In conjunction with the organic anion transporters 1 and 3 (OAT1, OAT3; for reviews, see Refs. 2, 7, 26), sodium dicarboxylate cotransporter (NaDC-3) indirectly drives the secretion of a variety of endogenous and exogenous organic anions. By Na+-coupled uptake, NaDC-3 provides roughly half of the intracellular α-ketoglutarate used for organic anion/dicarboxylate exchange through OAT1 and OAT3 (7).

In recent years, the luminal as well as basolateral dicarboxylate transporters from different species including humans have been cloned (for reviews, see Refs. 11, 14, 15) and designated as NaC1 or the aliases NaDC-1 and SDCT1, and NaC2 or the aliases NaDC-3 and SDCT2 (for a review, see Ref. 11). NaDC-1 was localized to the luminal membrane as demonstrated by Western blot analysis using luminal membrane fractions and a polyclonal antibody directed against a 60-amino-acid peptide from NaDC-1 (19). Basolateral localization of human (h) NaDC-3 was by a polyclonal antibody raised against the fusion protein of glutathione S-transferase (GST)-hNaDC-3 (25).

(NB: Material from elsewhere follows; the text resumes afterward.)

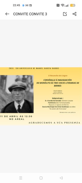 A Asociación O recuncho da Lingua de Berres coa colaboración co Concello da Estrada celebrará o vindeiro sábado 11 de abril, ás 12:30 horas, un acto emotivo, cultural e histórico: a inauguración dun monólito dedicado aos escritores de Berres.

Functional characterization of heterologously expressed transporters has been primarily performed in human retinal pigment epithelial cells or Xenopus laevis oocytes using radiotracer flux or two-electrode voltage-clamp techniques (for reviews, see Refs. 11, 14, 15). These experiments confirmed the results obtained in the intact rat kidney, isolated, perfused tubules, and vesicles from either luminal or basolateral membranes and revealed that all members perform Na+-coupled cotransport of various tricarboxylic acid cycle intermediates. The stoichiometry of sodium-anion symport is 3:1. The coupling of three Na+ to one generally divalent anion renders the symport electrogenic, with a net transfer of one positive charge across the cell membrane. Transport is thought to be ordered with sodium binding to the transporter before the anion, and lithium can act as a competitive inhibitor to sodium.

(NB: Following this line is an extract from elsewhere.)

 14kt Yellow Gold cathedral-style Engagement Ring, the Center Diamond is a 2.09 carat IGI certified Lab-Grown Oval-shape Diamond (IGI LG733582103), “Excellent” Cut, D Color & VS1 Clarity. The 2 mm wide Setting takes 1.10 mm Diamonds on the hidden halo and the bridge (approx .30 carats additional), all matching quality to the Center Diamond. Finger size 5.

As tested with various NaDC-1 orthologs, NaDC-1 has a substrate preference for succinate (K0.5 0.18–1.1 mM) and citrate (K0.5 0.32–6.8 mM). Significant cis-inhibition of radiolabeled succinate uptake was observed in decreasing potency with succinate, fumarate, malate, oxaloacetate, and citrate. Substrate-associated currents were measured with succinate, α-ketoglutarate, glutarate, oxaloacetate, fumarate, and malate (11, 14, 15). NaDC-3 prefers 2,2-dimethylsuccinate over succinate and cis-inhibition of succinate uptake was demonstrated with 2,2- and 2,3-dimethylsuccinate, succinate, glutarate, α-ketoglutarate, fumarate, citrate, malonate, glutamate, maleate, and pyruvate. Significant currents (>20% of control) were evoked by α-ketoglutarate, fumarate, malate, succinate, and the dimethylsuccinates.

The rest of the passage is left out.